In 2016, during a major Bob Dylan phase, I wrote the poem below as lyrics for a Bob Dylan parody song. In honor of Bob Dylan’s 79th birthday on May 24th, in anticipation of his new album coming June 19th, and in disappointment of coronavirus having temporarily paused Dylan’s thirty-two-year-old Never Ending Tour, I dusted off these lyrics and present them here. Despite this poem’s humor, it also bears something of a frightening relevance for today.
“The Senator’s Dream (A Bob Dylan Parody)”
Well, I woke as a human in a vampire world.
They all stood around me and their lips were curled.
I jumped up in bed and grabbed my cross necklace, heart.
That’s when a nurse with a terrier began to bark.
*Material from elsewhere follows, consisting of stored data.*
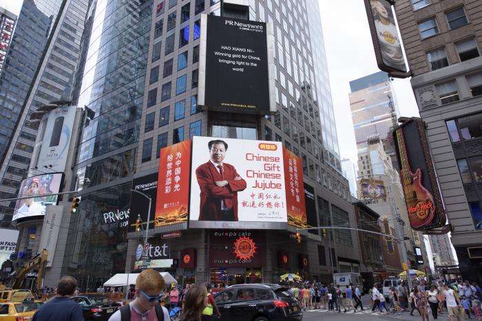 据悉,纽约时代广场,是曼哈顿的心脏地带和最为繁华的娱乐购物中心,年均游客流量4000万人次、人员流量1亿人次,被视为“吸引全球目光”的最佳窗口之一,素有“世界的十字路口”之称。2011年1月,国务院新闻办筹拍的《中国国家形象片——人物篇》就在这里开播,引发国际热议;不久前,中国南海的宣传片又强势登陆这一“世界十字路口”,从7月23号一直霸屏到8月3号,给老美们上了生动的地理课,无疑是“逼格”最高的广告媒体。好想你枣业在转型中升级,在升级中壮大,本次以行业领军企业之姿“霸屏”纽约时代广场,一展中国民族企业傲人风范,助阵祖国奥运健儿们,为国家添彩争光。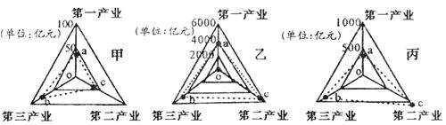 (山东省聊城实验中学2010届高三第三次月考)下图中甲、乙、丙代表我国三省区2005年的国民生产总值及其构成,a、b、c分别为三大产业的产值,完成23-24题。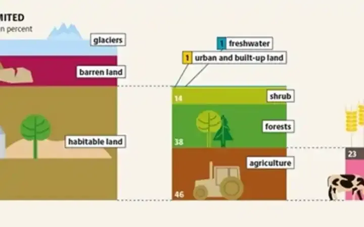 توزّع الأراضي بين قاحلة ومأهولة وشجيرات وغابات وأراضي زراعية للمحاصيل وتربية المواشي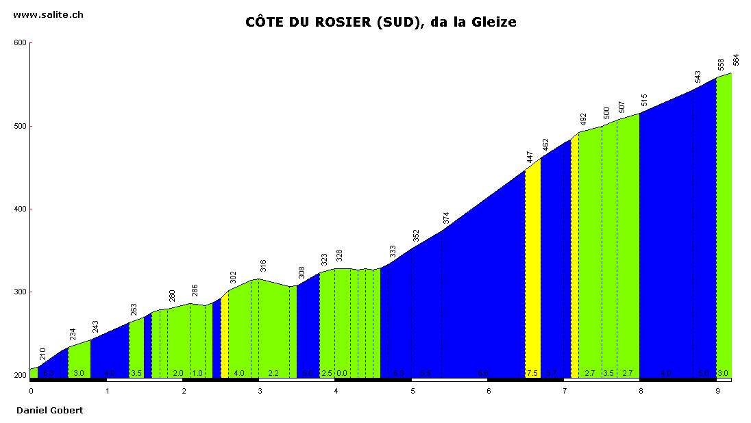 - Côte de Grésin, 4ª (km 73): 523 m – 4.3 km – 3.9 %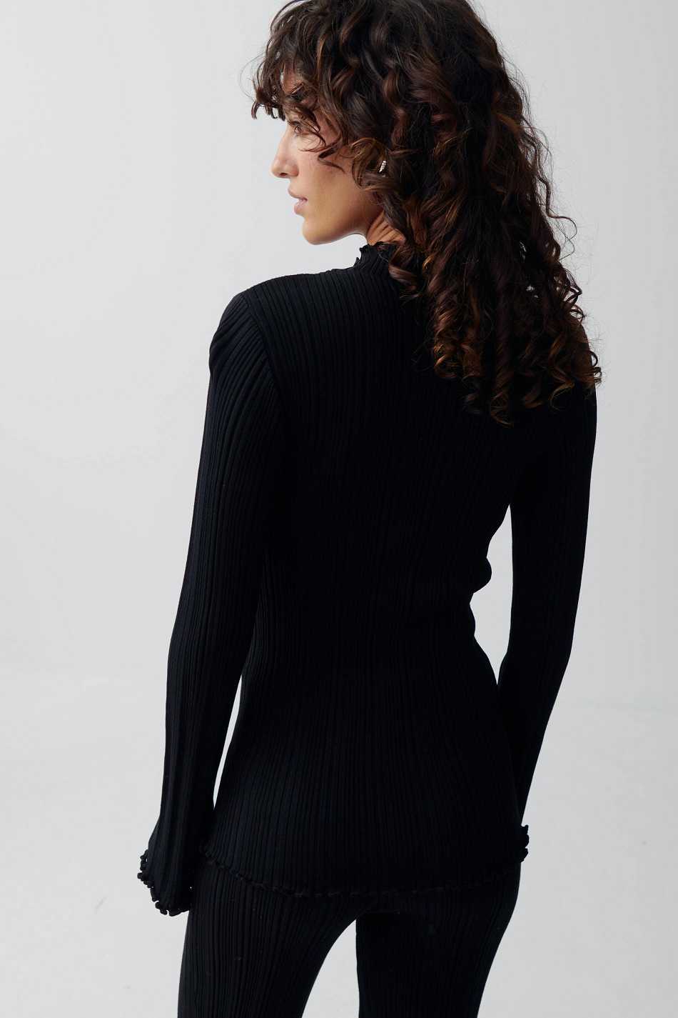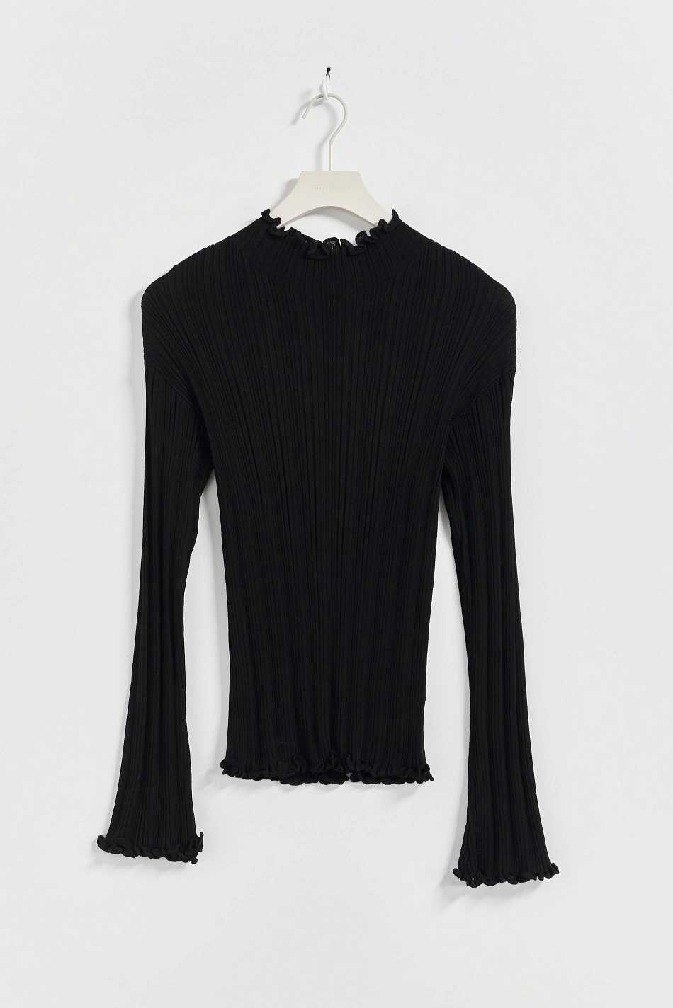Pleated turtleneck top with figure-hugging fit. The top is black and has high neck. It has long sleeve and overlocked hem.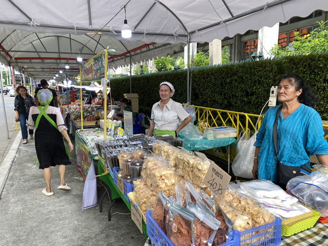 สำหรับรายชื่อร้านค้าที่มาออกบูธ เช่น  ข้าวเหนียวมะม่วงครัวคุณกันต์, รัานน้ำพริกลุงพุด ขายน้ำพริกและไข่เค็ม ผลิตภัณฑ์ OTP, ร้านสมุนไพร ผลิตภัณฑ์ OTOP, ร้านผลิตภัณฑ์นวัตกรรมสำนักงานเขตพระโขนง สบู่และดินผสมเปือกไข่, รัานบัวลอยไข่หวาน, ร้านแกงเขียวหวานปลากรายหวงไข่, ร้านขนมบราวนี่ ฯลฯ

I looked on down from the bed where I sat:
Man, my blood was drippin’ into a vat
With two little kids playin’ in it!
In came a doctor. I asked, “What’s up with me?”
He stared at me so lifelessly and said, “You tell me!
You were one of us, and, but, then you changed.
Now we don’t know whether you are right or strange.
And here I am a’thinkin’ you were one of those. . .”
I reached down, grabbed the vat, hit him on the nose.
I didn’t wait to hear the rest!
I was runnin’ down the hallway, almost to the door,
When I nearly fainted, and I fell to the floor.
A big ole’ guard, he grabbed me, and he cuffed my hands.
A nurse, she said so quaintly, “Come back to the sands.”
A flock of nurses, doctors strapped me onto a table;
The nurse before knelt down, said, “My name is Mable,”
But I didn’t want any part of her!
They studied me in and out and to the zoo.
To tell the truth, I’d never had so much to do.
They dressed me all in robes and a string of pearls.
They promised me they would always call me Earl.
But a kid jumped in and bit me for the fame.
I’m turnin’ back again before . . . oh, that’s a shame.
I was just getting’ used to well-cooked steak!
Seven palm trees swayin’ in a winter’s wind.
Activists all tellin’ me, “Begin again.”
Money, real estate, and a brand new Porsche
I’ll drive on my escape from the mob with the torch.
And for all of this I just keep my back in a seat.
Forget it, I’m a vampire, now that’s no deceit.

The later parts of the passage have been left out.